A ball falls in the downward direction from a height \( h \) with initial velocity \( V \). It collides with the ground, loses \( \frac{3}{4} \)th of energy and comes back to the same height. The initial velocity \( V \) is (g = acceleration due to gravity)

• A. \( \sqrt{gh} \)
• B. \( \sqrt{6gh} \)
• C. \( \sqrt{3gh} \)
• D. \( \sqrt{2gh} \)

Hint:

When a ball loses energy during a collision, the remaining energy can be used to calculate the velocity required to reach the same height.

Answer 1

The Correct Option is B

Step 1: Energy loss during collision.
When the ball collides with the ground, it loses \( \frac{3}{4} \) of its energy. Therefore, the remaining energy after the collision is \( \frac{1}{4} \) of its initial potential energy. Step 2: Use the potential energy formula.
The initial potential energy \( U \) at the height \( h \) is: \[ U = Mgh \] where \( M \) is the mass of the ball and \( g \) is the acceleration due to gravity.
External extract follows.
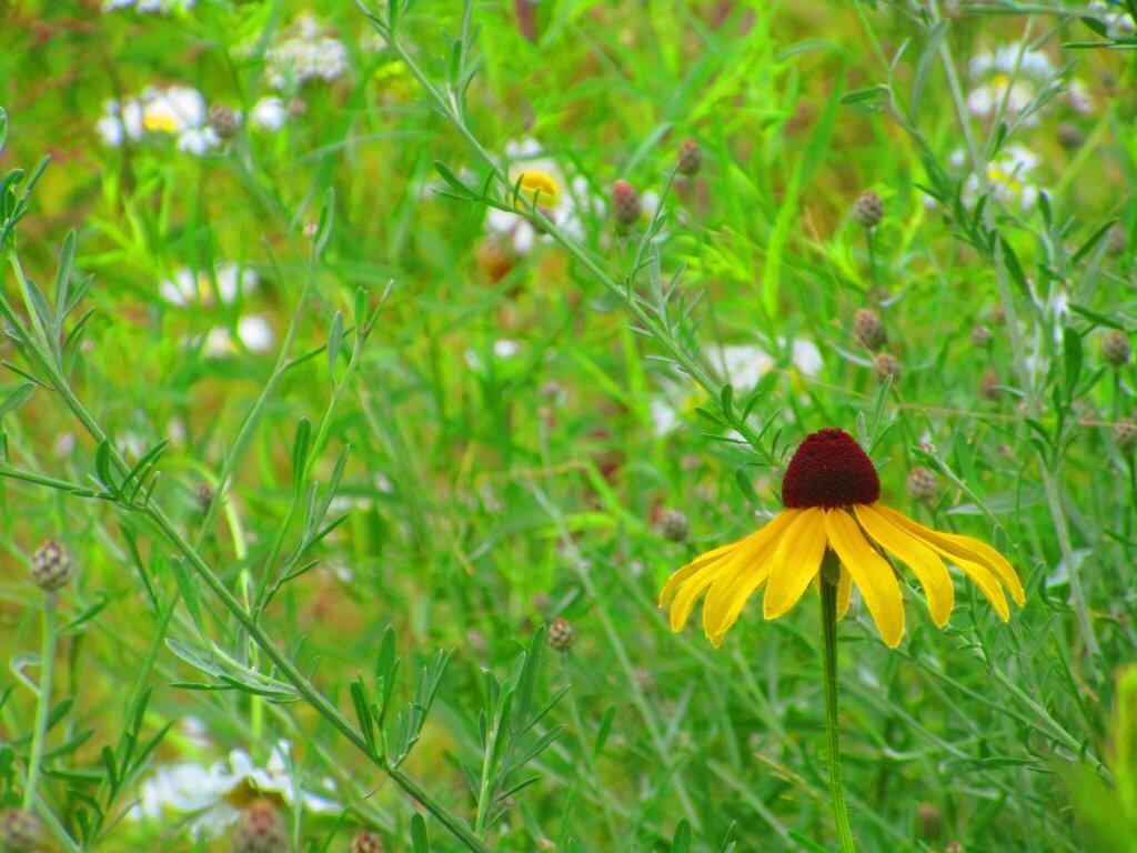 Black Eye Susan Andy | July 27, 2025 With leaves frooping down. Black Eye Susan droops down and looks up. Thursday July 23, 2020 — Spectulator

The velocity required to reach the same height after losing \( \frac{3}{4} \) of energy is found from the remaining energy. Step 3: Apply the kinematic equation.
The velocity \( V \) needed for the ball to reach height \( h \) after the energy loss is given by: \[ V = \sqrt{6gh} \] Step 4: Conclusion.
Thus, the initial velocity \( V \) is \( \sqrt{6gh} \), which corresponds to option (B).